MULHERES DA HISTÓRIA
Desde meados do século XIX, examina-se o tema do matriarcado da Idade do Bronze, precursor dos estudos sobre a condição histórica das mulheres e raiz do feminismo que cresceu no século XX até se tornar um dos principais fatos culturais do século XXI. O ajuste de contas atual ambiciona muito mais do que retomar passado distante, mas é bom compreender o que foi perdido e como se construiu a supressão social da mulher, na Idade do Ferro, em que vivemos. O passado aparentemente longínquo torna-se próximo, quando compreendemos que ainda oferece fundamentos culturais.
No segundo milênio a.C., viveu-se o apogeu da Idade do bronze no Mediterrâneo. Em Creta, uma sofisticada sociedade palaciana era cenário para protagonismo público feminino, evidente em pinturas, esculturas, joias e inscrições que mostram mulheres entronadas e presidindo ritos com poderes de grandes sacerdotisas. O matriarcado da Idade do Bronze era um regime em que a autoridade religiosa e social de rainhas e princesas era conjugada com a atuação econômica e militar de reis e príncipes.

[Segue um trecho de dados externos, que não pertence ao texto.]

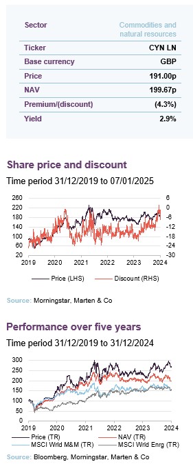 CYN aims to provide investors with capital growth and income by investing in a portfolio that predominantly comprises mining and resource equities, as well as mining, resource and industrial fixed-interest securities.

O colapso da Idade do Bronze, no século XII a.C., pôs fim a esse quadro, e à escrita, á pintura, à arquitetura, ao Estado e à diplomacia; foi a maior catástrofe cultural da História, em que ruíram também impérios e cidades e iniciou-se a formação de uma nova era, a Idade do Ferro; as eras do papel, do silício e da nuvem são subcapítulos do ciclo iniciado há 3 mil anos. Neste, ampliou-se o acesso aos instrumentos de combate, outrora controlados por senhores da guerra, e homens em armas predominaram. O litígio se expandiu na primeira metade do primeiro milênio a.C., até que o muito sangue vertido deu lugar à nova forma de disputa, com argumentos, pacificados por leis produzidas coletivamente. Era a aurora da democracia na pólls grega, e da república, em Roma, regimes de guerreiros urbanizados, que consumaram soberania patriarcal, á custa das mulheres, progressivamente banidas da esfera pública e confinadas ao ambiente doméstico. Dava-se início ao longo ciclo histórico de degradação da condição social feminina, processo que chegou ao apogeu quando, a partir do século IV d.C., tornou-se hegemônica a religião que coroava uma mãe assexuada, símbolo didático da castração feminina, e em cuja base estava o mito de que a mulher é fonte do pecado e da danação humana; entre Maria e Eva, sucumbiu parte importante da humanidade, a mulher e a feminilidade. O cristianismo, o judaísmo e o islamismo consolidaram a autoridade patriarcal e uma severa subordinação feminina, em âmbitos público e privado.
O ataque às mulheres, desencadeado no mundo antigo como um programa cultural amplo e agressivo, no fundo esconde o temor e a covardia de homens incapazes de compreender o poder feminino e conviver de modo complementar e harmônico. Ele que agride mulheres, ele não sabe nada e tem tudo a temer. Mas eis que, após tantos séculos, ressurgiu esse poder e potência, e hoje preside as melhores mudanças históricas. Avante, mulheres, vamos convosco!